§ **WHAT TO PRODUCE**
Copy nothing but the lines from the one containing "ipv6 address : 3000:1234:5678;9abcd, prefix: /64" through the last line of the records, repeated exactly and without pictures.

★ ★ ★ ★

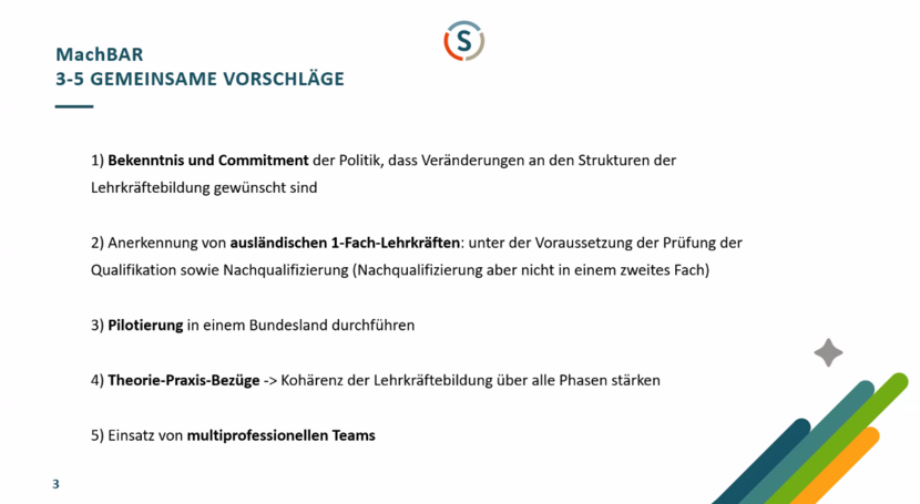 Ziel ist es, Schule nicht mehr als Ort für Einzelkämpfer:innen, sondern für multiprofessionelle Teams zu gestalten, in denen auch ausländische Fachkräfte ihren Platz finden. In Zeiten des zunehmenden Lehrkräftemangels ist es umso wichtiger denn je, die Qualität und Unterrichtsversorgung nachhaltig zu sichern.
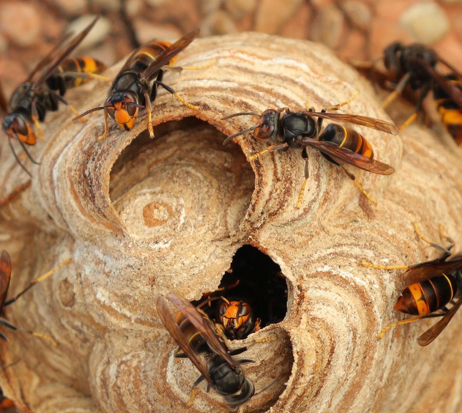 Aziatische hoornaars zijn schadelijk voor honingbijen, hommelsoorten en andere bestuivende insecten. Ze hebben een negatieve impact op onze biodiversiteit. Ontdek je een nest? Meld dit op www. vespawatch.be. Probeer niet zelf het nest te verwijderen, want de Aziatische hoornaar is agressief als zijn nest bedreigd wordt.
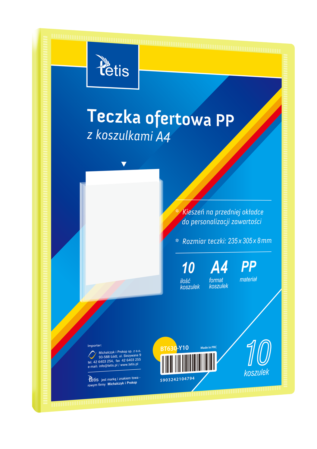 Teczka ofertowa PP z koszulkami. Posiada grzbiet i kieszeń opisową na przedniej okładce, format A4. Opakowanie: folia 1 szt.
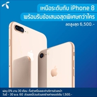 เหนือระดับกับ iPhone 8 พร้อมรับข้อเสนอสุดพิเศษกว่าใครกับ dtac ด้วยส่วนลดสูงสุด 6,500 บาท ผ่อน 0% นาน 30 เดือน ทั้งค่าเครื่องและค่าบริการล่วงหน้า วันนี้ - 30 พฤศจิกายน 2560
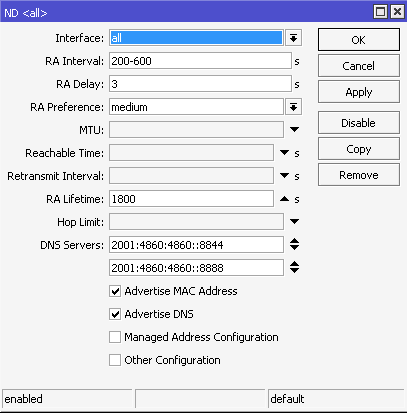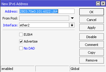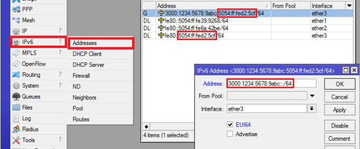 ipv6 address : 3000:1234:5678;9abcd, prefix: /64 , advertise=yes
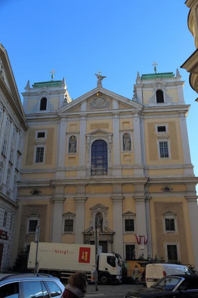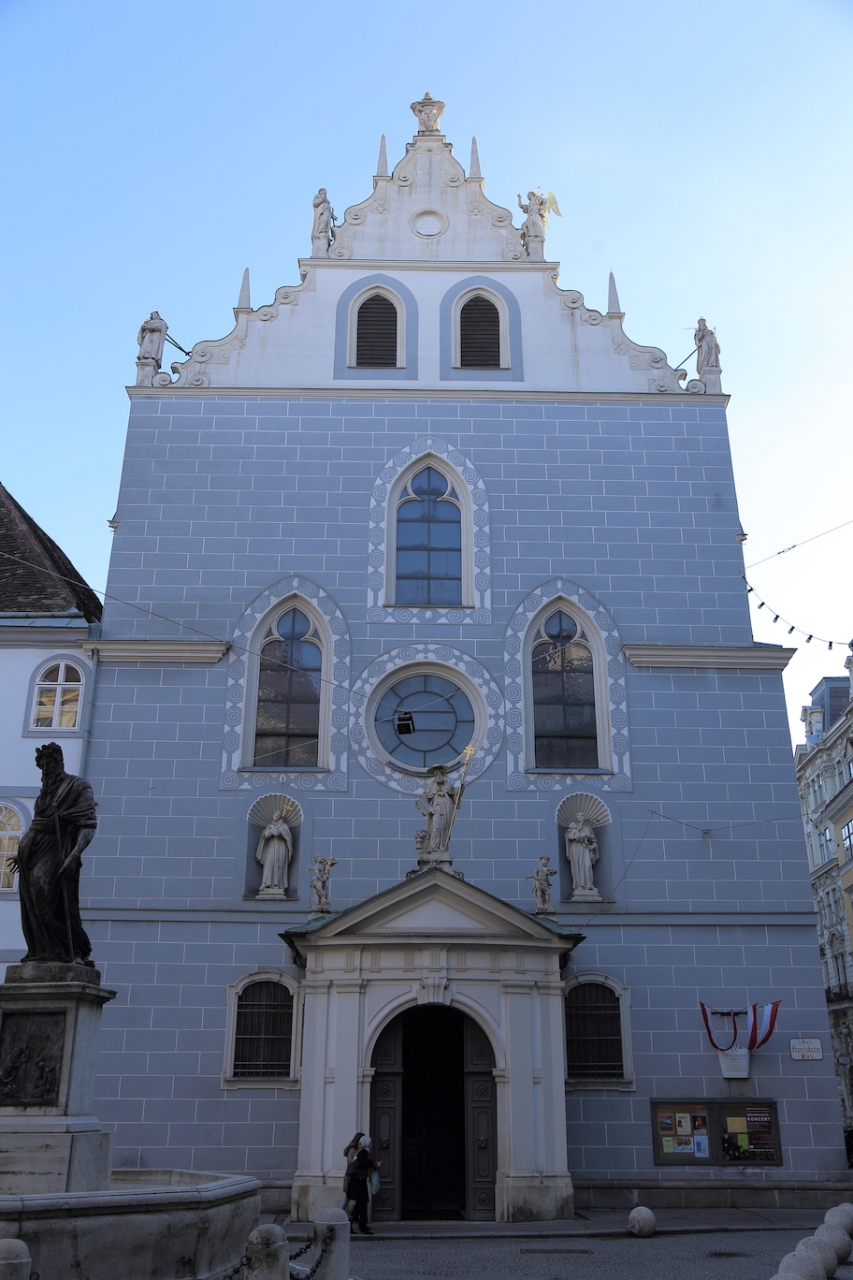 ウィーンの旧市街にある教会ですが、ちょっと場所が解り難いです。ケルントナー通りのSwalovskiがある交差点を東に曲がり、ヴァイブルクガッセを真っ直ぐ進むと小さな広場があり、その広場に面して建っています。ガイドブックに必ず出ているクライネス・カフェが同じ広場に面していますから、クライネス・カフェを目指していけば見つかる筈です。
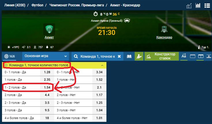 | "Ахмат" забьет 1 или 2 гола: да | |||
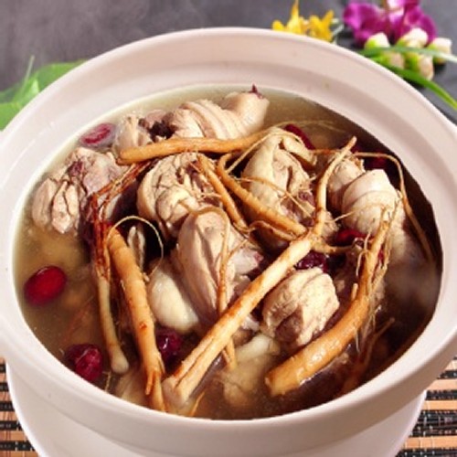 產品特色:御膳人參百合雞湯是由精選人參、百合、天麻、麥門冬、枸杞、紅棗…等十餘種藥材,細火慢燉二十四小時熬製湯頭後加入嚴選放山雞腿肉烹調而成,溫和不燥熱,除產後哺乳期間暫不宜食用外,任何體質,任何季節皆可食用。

★ ★ ★ ★

§ **FINAL ANSWER**
 ipv6 address : 3000:1234:5678;9abcd, prefix: /64 , advertise=yes
 ウィーンの旧市街にある教会ですが、ちょっと場所が解り難いです。ケルントナー通りのSwalovskiがある交差点を東に曲がり、ヴァイブルクガッセを真っ直ぐ進むと小さな広場があり、その広場に面して建っています。ガイドブックに必ず出ているクライネス・カフェが同じ広場に面していますから、クライネス・カフェを目指していけば見つかる筈です。
 | "Ахмат" забьет 1 или 2 гола: да | |||
 產品特色:御膳人參百合雞湯是由精選人參、百合、天麻、麥門冬、枸杞、紅棗…等十餘種藥材,細火慢燉二十四小時熬製湯頭後加入嚴選放山雞腿肉烹調而成,溫和不燥熱,除產後哺乳期間暫不宜食用外,任何體質,任何季節皆可食用。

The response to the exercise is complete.